Information provided:
################
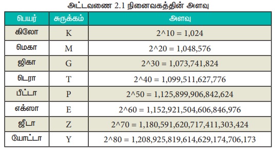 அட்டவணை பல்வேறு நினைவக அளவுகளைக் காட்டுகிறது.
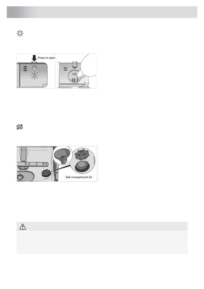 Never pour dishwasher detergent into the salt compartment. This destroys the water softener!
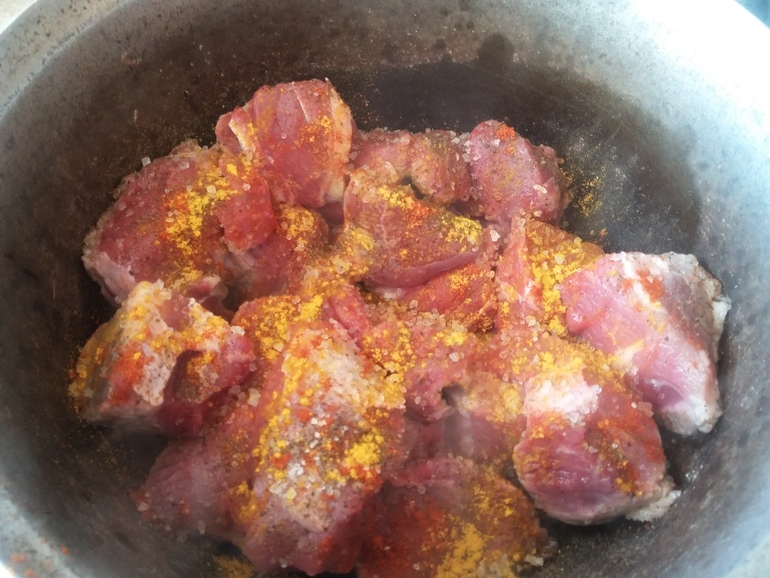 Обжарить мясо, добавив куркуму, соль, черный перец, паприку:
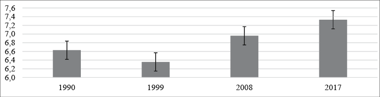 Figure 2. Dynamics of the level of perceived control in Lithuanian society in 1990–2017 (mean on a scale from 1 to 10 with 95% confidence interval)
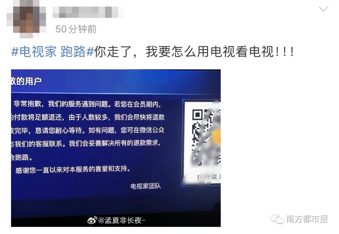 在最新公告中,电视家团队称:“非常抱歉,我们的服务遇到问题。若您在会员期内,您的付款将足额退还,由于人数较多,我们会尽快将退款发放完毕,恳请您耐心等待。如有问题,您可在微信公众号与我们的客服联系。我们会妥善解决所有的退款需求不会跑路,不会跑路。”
################
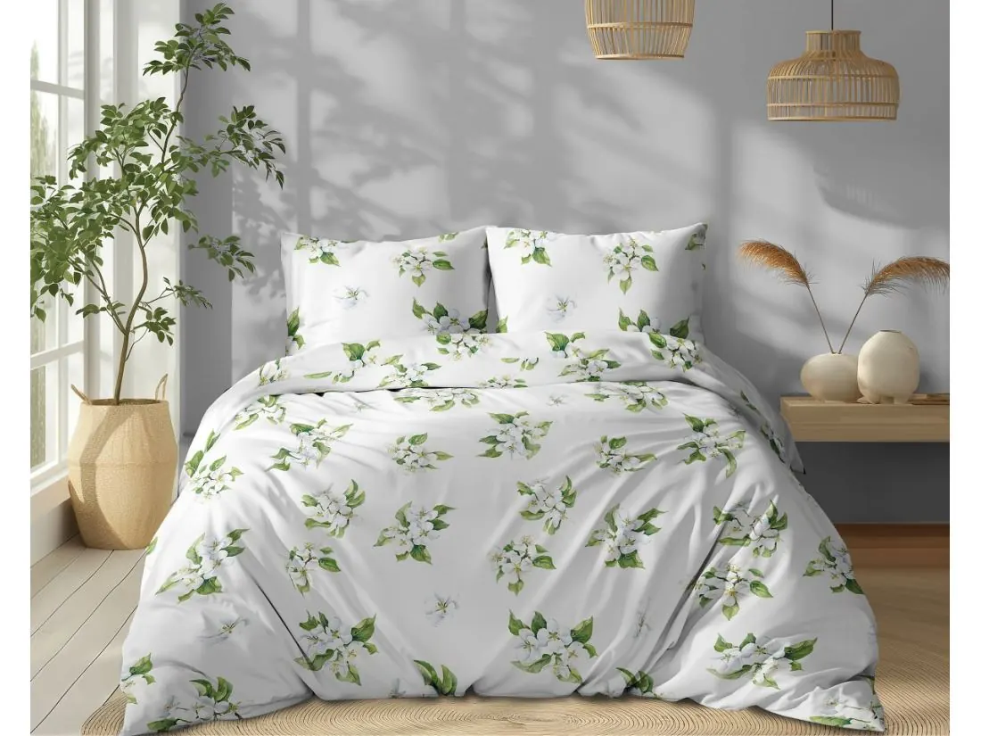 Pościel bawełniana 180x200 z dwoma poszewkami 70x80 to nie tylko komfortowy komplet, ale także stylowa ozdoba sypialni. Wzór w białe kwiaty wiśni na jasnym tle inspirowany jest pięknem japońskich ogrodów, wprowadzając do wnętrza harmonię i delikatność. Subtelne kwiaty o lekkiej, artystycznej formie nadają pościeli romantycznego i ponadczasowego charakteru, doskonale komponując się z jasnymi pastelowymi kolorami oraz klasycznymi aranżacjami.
################
Aim of the task:
Using the data above, copy exactly the lines from the one containing "அட்டவணை பல்வேறு நினைவக" to the one containing "Обжарить мясо, добавив", inclusive. Exclude the pictures.

Final answer:
 அட்டவணை பல்வேறு நினைவக அளவுகளைக் காட்டுகிறது.
 Never pour dishwasher detergent into the salt compartment. This destroys the water softener!
 Обжарить мясо, добавив куркуму, соль, черный перец, паприку:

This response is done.